I have logged it upstream as issue #3115 at bugs.python.org. Re "will not trigger ... because the check on d won't trigger ... I don't see how Python does the right thing if readdir() _does_ return an error" The rest of the code is correct apart from the misplaced errno initialization. Before the loop, d is set to PyList_New(0), a new python list. If d is null (list init failed), the routine returns immediately. So, by the time the loop is entered, d is known to be non-null. The loop is exited in one of two ways: (1) readdir returns null, in which case d is still non-null upon loop exit, (2) a failure occurs during attempts to copy or convert a file name or to append it to the list, in which case d is explicitly set to null before exiting the loop. At the end of the loop, a test is made for errno != 0 && d != NULL The "d != NULL" means that the loop exited for reason #1 (by readdir returning null instead of by a failure in another part of the code) and the "errno != 0" means readdir encountered an error not just the normal end of directory. Therefore, the test "if (errno != 0 && d != NULL)" is a correct test for "readdir encountered an error" -- as long as errno was set to 0 before readdir. Re: "In createrepo, can you try..." I can't, because I've already patched python. But I do know that if I take out the "try:" altogether it will fail with "Errno=12 (unable to allocate memory)". Re "I just tried ... and got nothing" --- were you on an x86_64 machine? It is only on x86_64 that I've seen glibc's malloc set errno=12 despite succeeding. And it only happens sporadically. Memory allocation may be set slightly differently on your machine. In any event, given the possibility that malloc (or other system calls) can set errno even when they succeed, the python code as it stands is obviously incorrect because if errno is NOT initialized to 0 right before calling readdir, then the test for errno != 0 upon loop exit for reason #1 is no longer an accurate test for readdir returning an error.

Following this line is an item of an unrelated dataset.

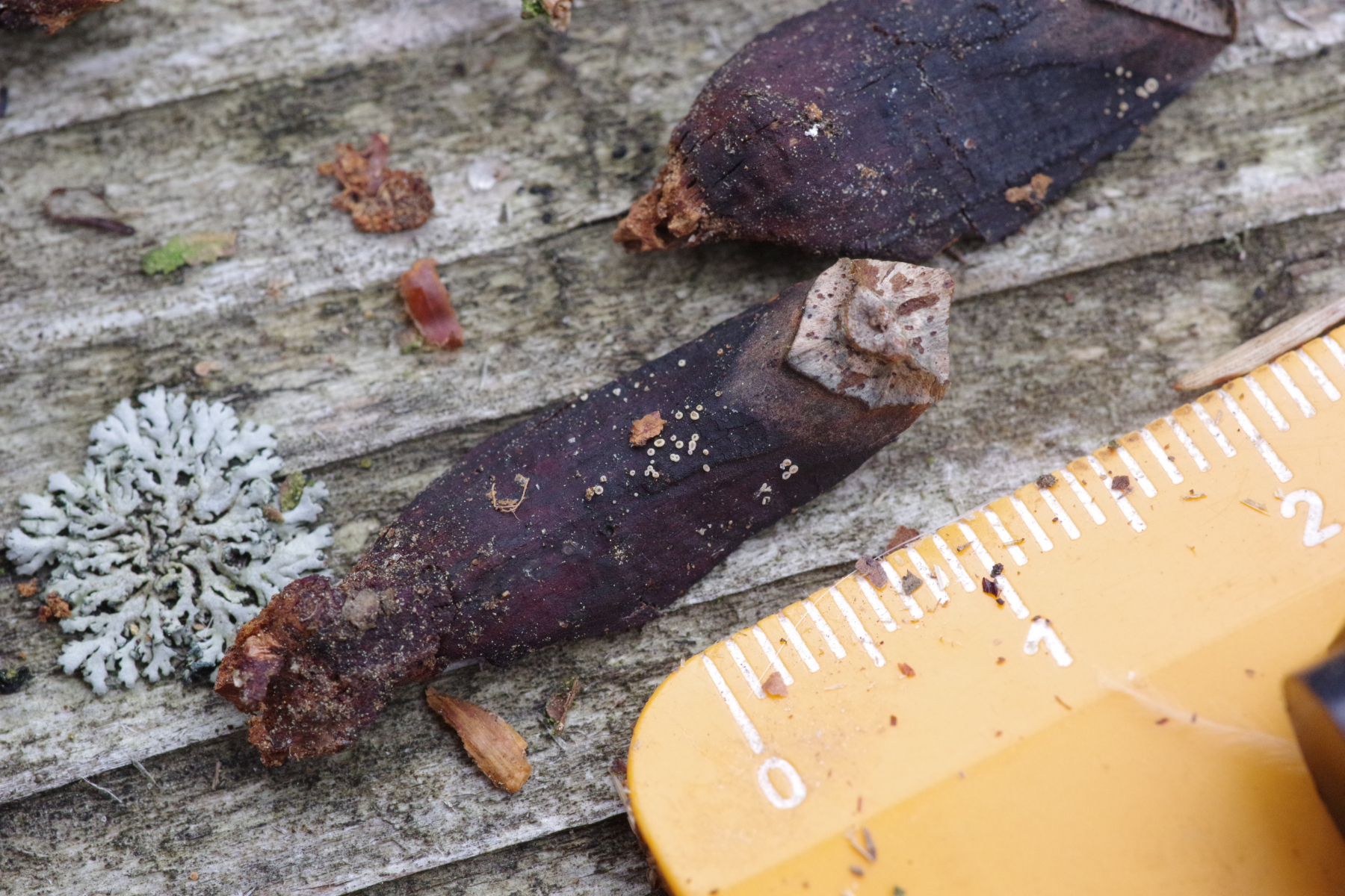 an einem Kieferzapfen habe ich gestern diese winzigen Becher gefunden.

""" At the end of the loop, a test is made for errno != 0 && d != NULL The "d != NULL" means that the loop exited for reason #1 (by readdir returning null instead of by a failure in another part of the code) """ ...you're right, for some reason I read that as "d == NULL" ... so I can see how it could happen, and I don't see any possible problems with the fix. I'm building the fix for Fed-9 now: http://koji.fedoraproject.org/koji/taskinfo?taskID=663001 """ Re "I just tried ... and got nothing" --- were you on an x86_64 machine? """ ...yes, I'm on x86_64.

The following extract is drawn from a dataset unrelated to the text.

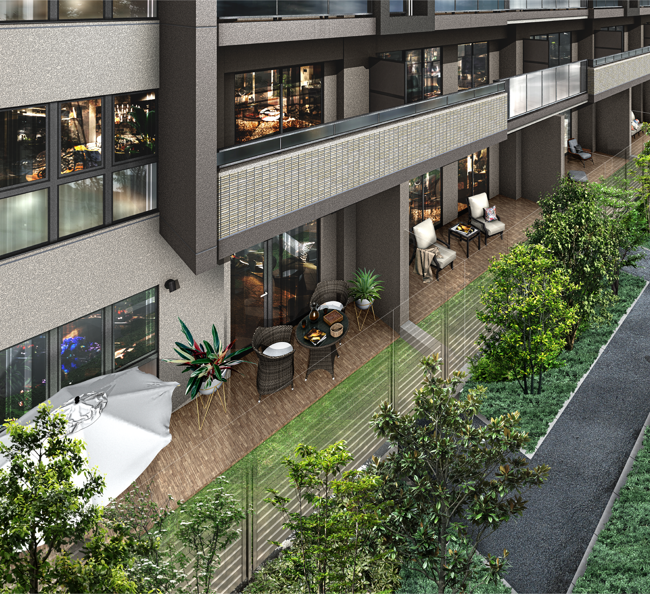 南向きの敷地配置を活かした専用庭付の1階住戸として、

python-2.5.1-26.fc9 has been submitted as an update for Fedora 9
python-2.5.1-26.fc8 has been submitted as an update for Fedora 8
python-2.5.1-26.fc9 has been pushed to the Fedora 9 testing repository. If problems still persist, please make note of it in this bug report. If you want to test the update, you can install it with su -c 'yum --enablerepo=updates-testing update python'. You can provide feedback for this update here: http://admin.fedoraproject.org/updates/F9/FEDORA-2008-5366
python-2.5.1-26.fc8 has been pushed to the Fedora 8 stable repository. If problems still persist, please make note of it in this bug report.
python-2.5.1-26.fc9 has been pushed to the Fedora 9 stable repository. If problems still persist, please make note of it in this bug report.
my FTBFS rebuilds in mock suffered a few failures with -25; will try now with -26.
F-8 and F-9 updates pushed to stable, closing.